Shown below are entries with pictures; the line with "Stilige kandelabere, se" through the line with "ブイヨンベースのスープに濃い" is the span to retype exactly, and the pictures stay out.

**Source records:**
· · ·
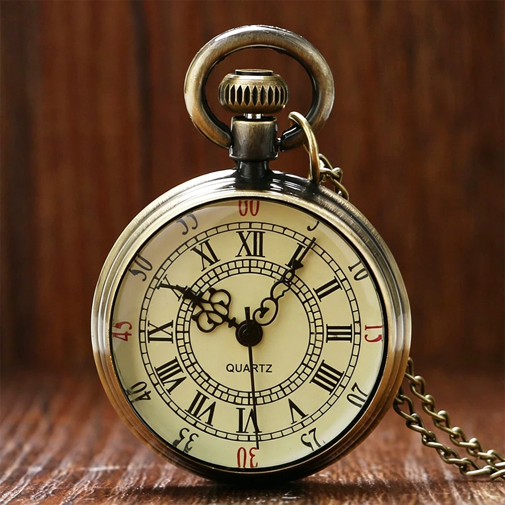 Reloj de Bolsillo Vintage con Números Romanos, Movimiento de Cuarzo, Reloj Colgante con Cadena
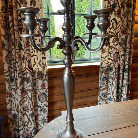 Stilige kandelabere, se annonser m sølvfargede urner som matcher
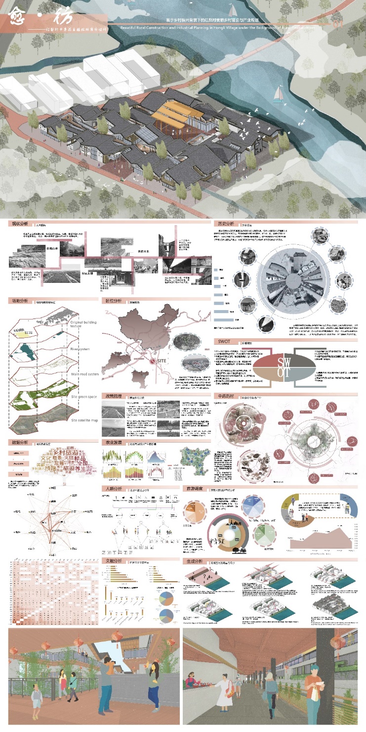 说明:愈彷是一个融合乡村药材集市和客家文化的独特场所,场地位于广东省韶关市始兴县红梨村的东南处,旨在为当地居民提供一个具有吸引力和实用性场所的同时,吸引不同地区的游客观光和体验,带动红梨村产业的发展。在建筑设计上,我们融入了大自然和客家文化的元素,同时也采用了传统红砖材料,使建筑与红梨村的乡土氛围相呼应。我们也十分重视与当地草药产业的结合。我们为集市内规划了专门的土地,供农民种植各类草药,并提供专业的技术指导和管理支持。我们还设立了草药加工区域,以便农民将草药进行加工和提炼,增加附加值并推动当地经济发展。进行加工和提炼,增加附加值并推动当地经济发展。
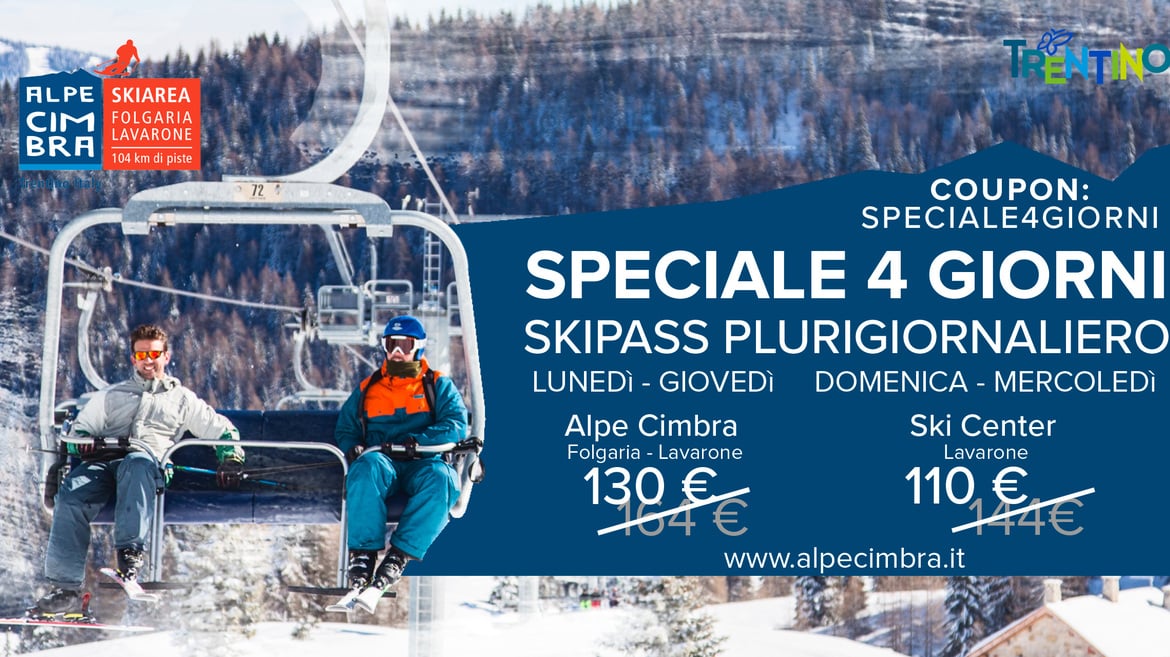 Valido per 4 giorni consecutivi da domenica a mercoledì o da lunedì a giovedì nei comprensori di Folgaria Lavarone e Fiorentini
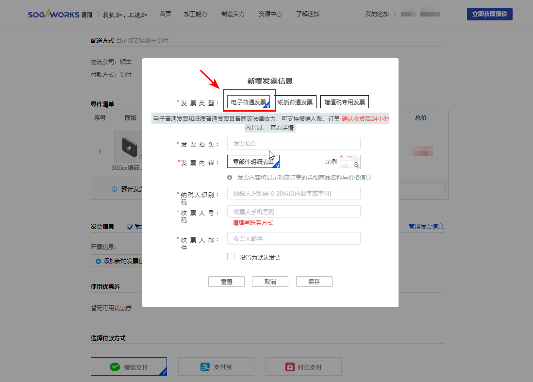 6.1 如您勾選【電子普通發(fā)票】,則速加默認(rèn)為您開電子發(fā)票,電子發(fā)票您可在后臺(tái)下載
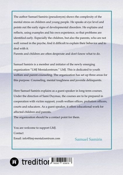 Guide to youth welfare psychologyThe book is about self-discovery and reflection. Juvenile delinquents usually have a difficult past. Mistreatment and sexual assaults are not uncommon and so there are deficits in their development that should be compensated. I use simple examples to show how they can find each other again and how they can connect to society. Program yourself positively and shed guilt. How the psyche and emotions dominate them and what needs to be done to finally counteract old patterns. You will find yourself in the book and get help.This book goes very far and deep and will touch you so much.
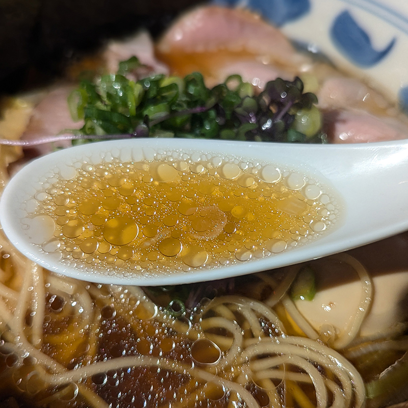 ブイヨンベースのスープに濃い口醤油と生姜コンフィの油で仕上げたスープは色味は薄く優しい味わいながら塩味は過不足なくしっかりとコクもあってバランス良くまとまっている。
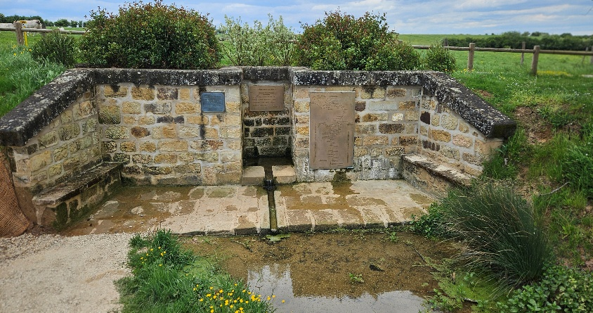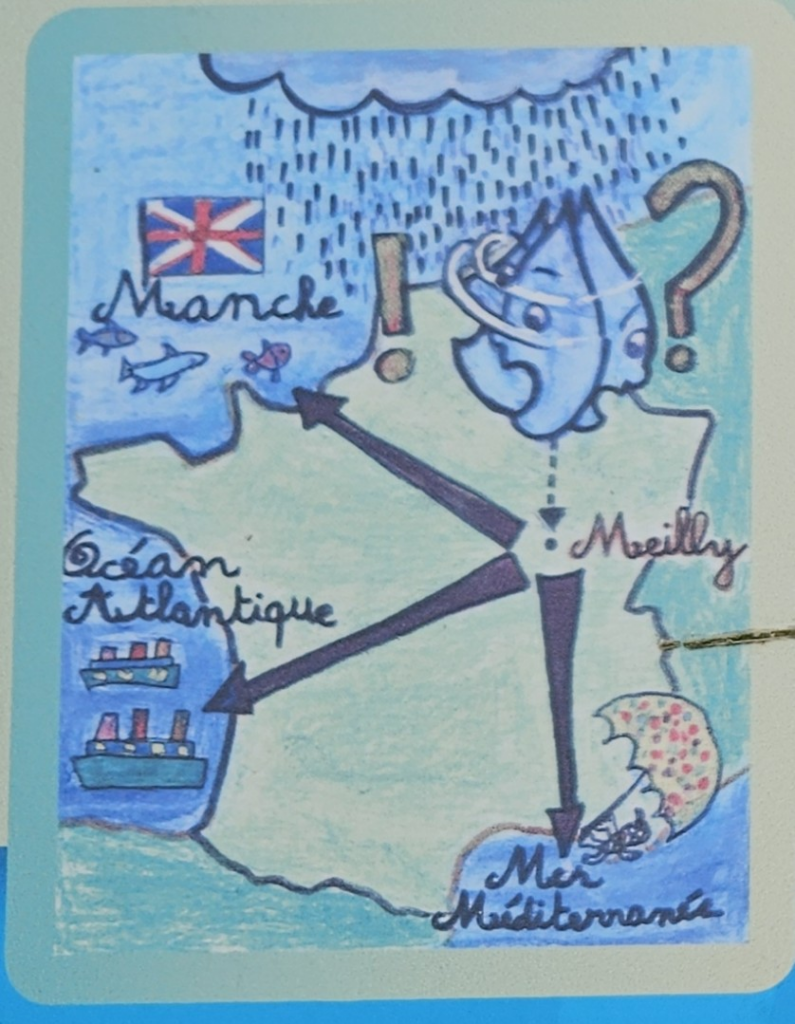 Sur une pelouse triangulaire, le site est mis en valeur en bordure immédiate de la D 981, intersection avec la rue Monchampeau. Je cite le panneau didactique : « Les voyages de trois gouttes de pluie… Ici, cette curiosité géographique est symbolisée par des arbustes au centre en forme de rose des vents pour les quatre points cardinaux, puis par trois arbres plantés chacun auprès d’une pierre pour montrer vers où les eaux s’écoulent : un arbre pour le bassin Seine-Normandie, un autre pour le bassin Loire-Bretagne et le troisième pour le bassin Rhône-Méditerranée ». A côté de chaque arbre, un panneau explique le voyage d’une goutte de pluie vers la Manche, l’Atlantique ou la Méditerranée. Pour exemple, je vous livre ci-après et in extenso le voyage d’une goutte de pluie vers la Manche. Poésie non signée !… Quant au dessin du panneau principal, il est l’œuvre des élèves de Créancey : Grande Section de l’école maternelle, CP et CE1. J’affectionne particulièrement la goutte d’eau de pluie qui ne sait vers où se tourner…
· · ·
**WRITTEN ANSWER:**
 Stilige kandelabere, se annonser m sølvfargede urner som matcher
 说明:愈彷是一个融合乡村药材集市和客家文化的独特场所,场地位于广东省韶关市始兴县红梨村的东南处,旨在为当地居民提供一个具有吸引力和实用性场所的同时,吸引不同地区的游客观光和体验,带动红梨村产业的发展。在建筑设计上,我们融入了大自然和客家文化的元素,同时也采用了传统红砖材料,使建筑与红梨村的乡土氛围相呼应。我们也十分重视与当地草药产业的结合。我们为集市内规划了专门的土地,供农民种植各类草药,并提供专业的技术指导和管理支持。我们还设立了草药加工区域,以便农民将草药进行加工和提炼,增加附加值并推动当地经济发展。进行加工和提炼,增加附加值并推动当地经济发展。
 Valido per 4 giorni consecutivi da domenica a mercoledì o da lunedì a giovedì nei comprensori di Folgaria Lavarone e Fiorentini
 6.1 如您勾選【電子普通發(fā)票】,則速加默認(rèn)為您開電子發(fā)票,電子發(fā)票您可在后臺(tái)下載
 Guide to youth welfare psychologyThe book is about self-discovery and reflection. Juvenile delinquents usually have a difficult past. Mistreatment and sexual assaults are not uncommon and so there are deficits in their development that should be compensated. I use simple examples to show how they can find each other again and how they can connect to society. Program yourself positively and shed guilt. How the psyche and emotions dominate them and what needs to be done to finally counteract old patterns. You will find yourself in the book and get help.This book goes very far and deep and will touch you so much.
 ブイヨンベースのスープに濃い口醤油と生姜コンフィの油で仕上げたスープは色味は薄く優しい味わいながら塩味は過不足なくしっかりとコクもあってバランス良くまとまっている。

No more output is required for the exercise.